(ASSIGNMENT):
Could you restate word for word the lines running from the one with "2016, al que" to the end of the data, both ends included, but without pictures?

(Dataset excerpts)
============================================================

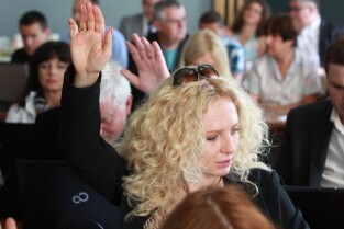 Urząd Miejski w Gdańsku. Sierpniowa sesja Rady Miasta Gdańska. Nz. Radna Jolanta Banach.
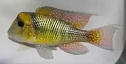 Gymnogeophagus mekinos is a species of geophagine cichlid. It inhabits parts of the Uruguay and Río Negro rivers. It is characterised by the absence of supraneural bones, the presence of a forward spine in its first dorsal fin pterygiophore, the absence of an oblique bar between the eye and nape, possessing a black marking near the dorsal fin origin that projects to its dorsum, as well as other features.[1]
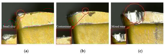 Images of the detection error cases. (a) adhesive wear, (b) flank wear, (c) multiple wear coexist.
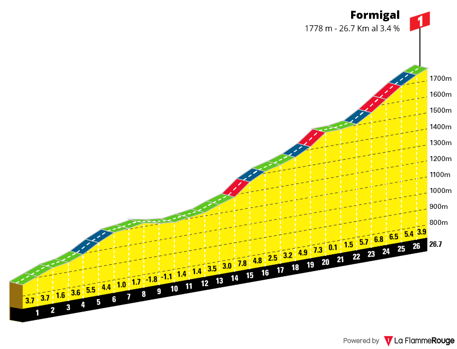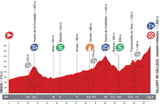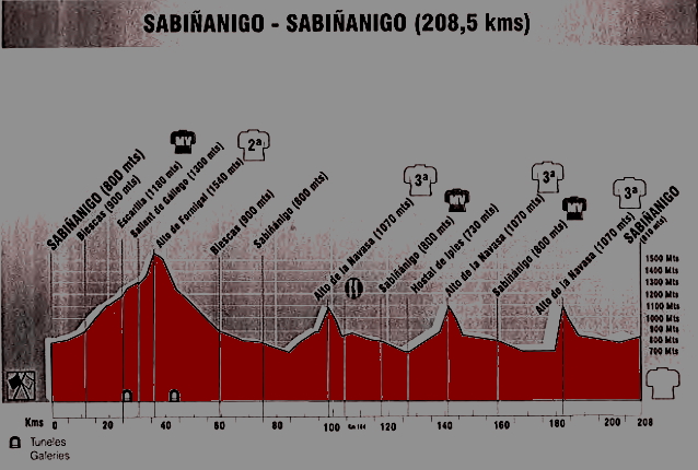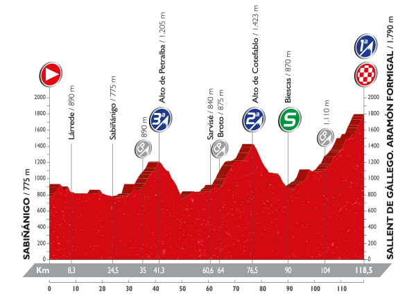 2016, al que se dan dos vueltas, y, seguidamente, Petralba, Cotefablo y la larga e irregular hasta Aramon-Formigal, a 1790 metros de altitud. La etapa es así:
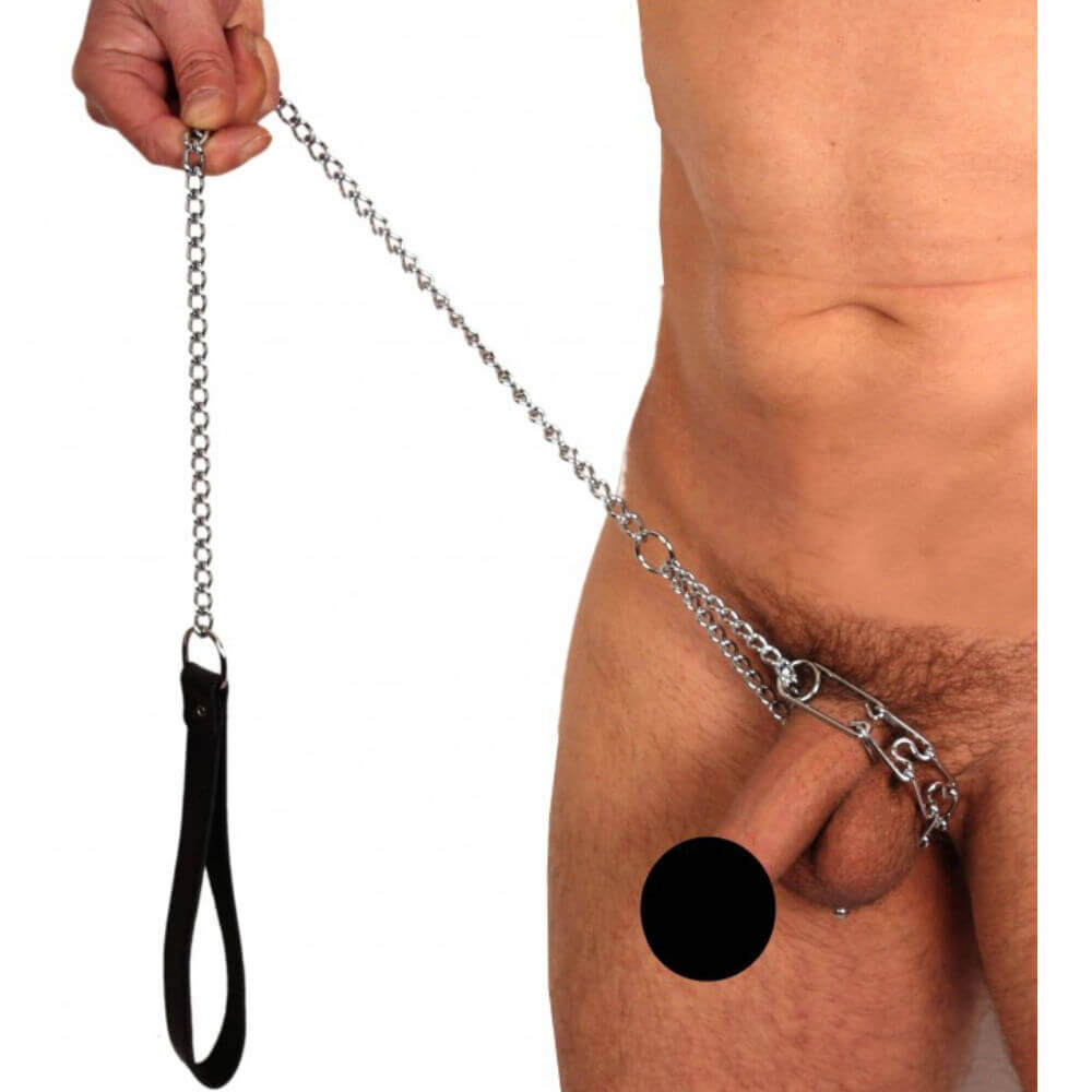 Sorge dafür, dass Dein Devoter dicht bei seinem Herrn bleibt mit diesem abgefahrenen Set bestehend aus Würge-Peniskette und Kettenleine mit Ledergriff.
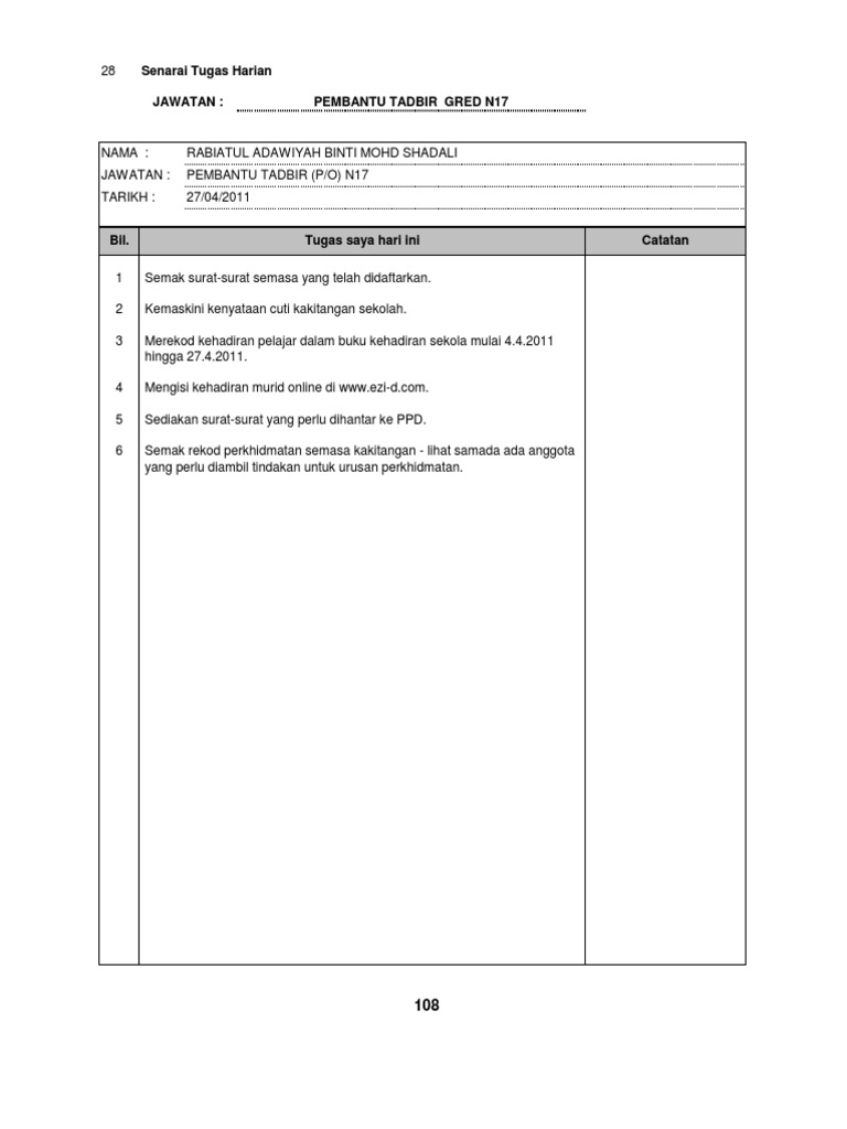 Ia termasuk bahagian untuk sejarah pekerjaan, pendidikan, dan kemahiran lain. The odds that the content will differ from the original cannot be avoided. Seorang pembantu tadbir kewangan didakwa di mahkamah sesyen, di sini hari ini, atas enam tuduhan mengemukakan tuntutan palsu berjumlah lebih rm100,00 kepada. Free unlimited pdf search and download. Pembantu tadbir (perkeranian/operasi) gred n19 (pusat temu duga di negeri sarawak sahaja) (jabatan perkhidmatan awam dan kementerian dpt keje ni(english) 4.
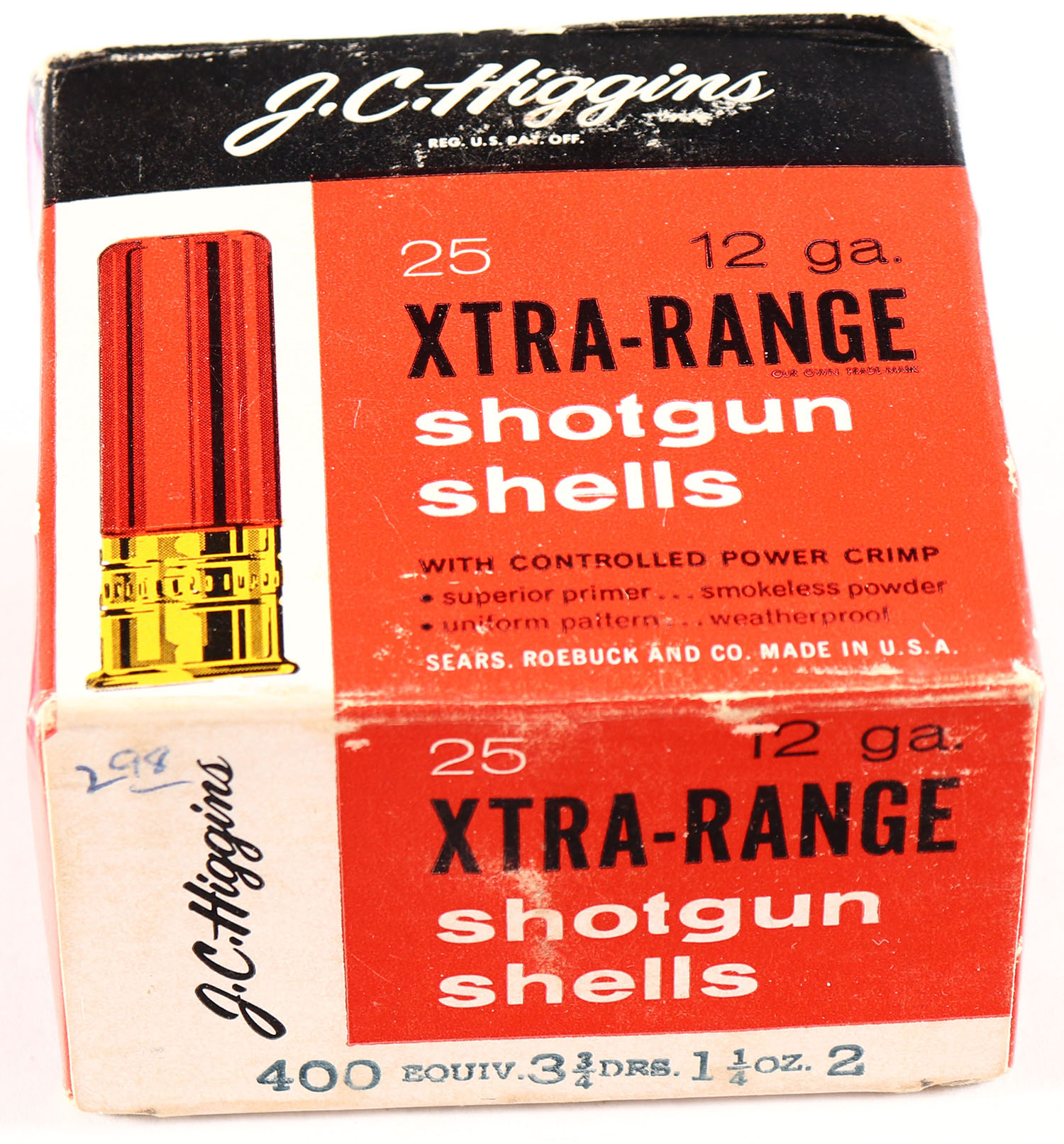 Sears, J.C. Higgins, Xtra-Range, 12ga., 1pc., Full, shot size 2, multi-colored box, box has light scuffing with great color, Shells are excellent. Grade: Very Good ++ - Value: 10 to 30

============================================================

(OUTPUT BELOW):
 2016, al que se dan dos vueltas, y, seguidamente, Petralba, Cotefablo y la larga e irregular hasta Aramon-Formigal, a 1790 metros de altitud. La etapa es así:
 Sorge dafür, dass Dein Devoter dicht bei seinem Herrn bleibt mit diesem abgefahrenen Set bestehend aus Würge-Peniskette und Kettenleine mit Ledergriff.
 Ia termasuk bahagian untuk sejarah pekerjaan, pendidikan, dan kemahiran lain. The odds that the content will differ from the original cannot be avoided. Seorang pembantu tadbir kewangan didakwa di mahkamah sesyen, di sini hari ini, atas enam tuduhan mengemukakan tuntutan palsu berjumlah lebih rm100,00 kepada. Free unlimited pdf search and download. Pembantu tadbir (perkeranian/operasi) gred n19 (pusat temu duga di negeri sarawak sahaja) (jabatan perkhidmatan awam dan kementerian dpt keje ni(english) 4.
 Sears, J.C. Higgins, Xtra-Range, 12ga., 1pc., Full, shot size 2, multi-colored box, box has light scuffing with great color, Shells are excellent. Grade: Very Good ++ - Value: 10 to 30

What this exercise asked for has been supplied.